Et puis, en février dernier, le vent tourne. A la surprise générale, le procureur Zappelli abandonne l’accusation d’assassinat. ­Conclusion à laquelle était parvenu le juge Graber après une enquête longue et fouillée. Le chef du Ministère public, lui, retenait simplement le meurtre, un crime moins grave selon le Code pénal. A la surprise encore plus générale, la partie civile, soudainement apaisée, ne s’y opposait pas. Et c’est ainsi que, sans un bruit, dans une atmosphère de consensus, Cécile B. a été renvoyée en Cour d’assises pour meurtre. Tout le monde semble y trouver son compte.

Pourquoi? Une hypothèse: Me Bonnant évite ainsi à la famille Stern (les enfants, l’ex-épouse) un grand déballage sur les pratiques sexuelles, disons particulières, du défunt et de sa maîtresse. La défense ne se sent plus menacée par l’accusation la plus grave, celle d’assassinat. Et le Parquet peut envisager un procès moins long, moins sulfureux, presque sous contrôle.

«Il n’y a pas d’accord!»

Lorsqu’on évoque pourtant l’hypothèse d’un accord à l’amiable, tout le monde s’offusque. «Il n’y a pas d’accord, affirme Me Bonnant. Un tel accord serait inconcevable même pour protéger la famille Stern. Il signifierait que l’une des parties aurait renoncé à faire son devoir. D’ailleurs, un tel accord ne résisterait pas à une audience imprévisible.»

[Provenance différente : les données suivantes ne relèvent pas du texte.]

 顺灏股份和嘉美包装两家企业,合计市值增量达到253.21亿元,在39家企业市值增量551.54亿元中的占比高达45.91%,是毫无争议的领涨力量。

Même position du côté de la défense: pas l’ombre d’un accord. Me Pascal Maurer admet néanmoins que si l’accusation d’assassinat avait été maintenue, cela aurait ouvert les portes à un «procès plus musclé; on aurait été obligés de mettre l’accent sur certains aspects privés de la vie d’Edouard Stern, on aurait entraîné des tiers dans la procédure. On aurait été moins soucieux des dommages collatéraux.»

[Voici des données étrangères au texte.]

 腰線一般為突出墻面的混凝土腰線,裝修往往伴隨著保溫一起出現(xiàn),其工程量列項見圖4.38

Aujourd’hui, il considère comme Me Alec Reymond que les aspects sexuels de la relation sont «périphériques». Me Bonnant ne dit pas autre chose: «Le sexe n’est pas un sujet dans ce procès. Il ne s’agit pas d’un rituel de cruauté qui a dérapé. Dans cette affaire, il y a plusieurs histoires; certaines d’entre elles existent mais ne jouent aucun rôle dans le meurtre. Je trouverais parfaitement vulgaire de plaider le sexe pour le plaisir de le plaider.» Il ajoute: «Par ailleurs, je ne peux pas apporter la preuve que le 28 février 2005 Cécile B. avait prémédité son acte.» Assassinat ou pas, Me Reymond assure qu’on n’assistera pas à un procès aseptisé: «On ne va pas devenir mielleux en Cour d’assises. Nous n’avons pas besoin d’aborder les côtés sexuels de la relation pour nous étriper.»


Chronologie de la nuit du crime

Cécile B. devient la maîtresse d’Edouard Stern en 2001. En 2004, elle lui demande de l’épouser et de la rendre indépendante en lui versant un million de dollars. Une preuve d’amour, assure-t-elle. Elle lui restituera la somme aussitôt. Ce qu’elle ne fait pas.

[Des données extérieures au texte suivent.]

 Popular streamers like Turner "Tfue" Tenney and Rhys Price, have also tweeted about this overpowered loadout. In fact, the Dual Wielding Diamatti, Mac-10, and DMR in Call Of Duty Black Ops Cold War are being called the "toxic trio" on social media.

Le 28 février 2005, Cécile B. reçoit la confirmation: Edouard Stern a bloqué son compte. Le soir, elle se rend chez son amant. Leur discussion n’aboutit pas. Ils se livrent à des jeux sexuels. Stern se retrouve attaché à une chaise dans sa combinaison en latex. Elle va dans le dressing-room, prend le revolver. Elle revient et lui fait face. Elle tire un premier coup de feu au visage.

Sous l’impact, il se lève et effectue une rotation sur lui-même. Elle suit le mouvement, l’arme toujours braquée sur lui. Elle tire une deuxième fois vers la poitrine, une troisième dans le flanc gauche, il s’écroule. Elle l’achève d’un dernier tir dans la tempe.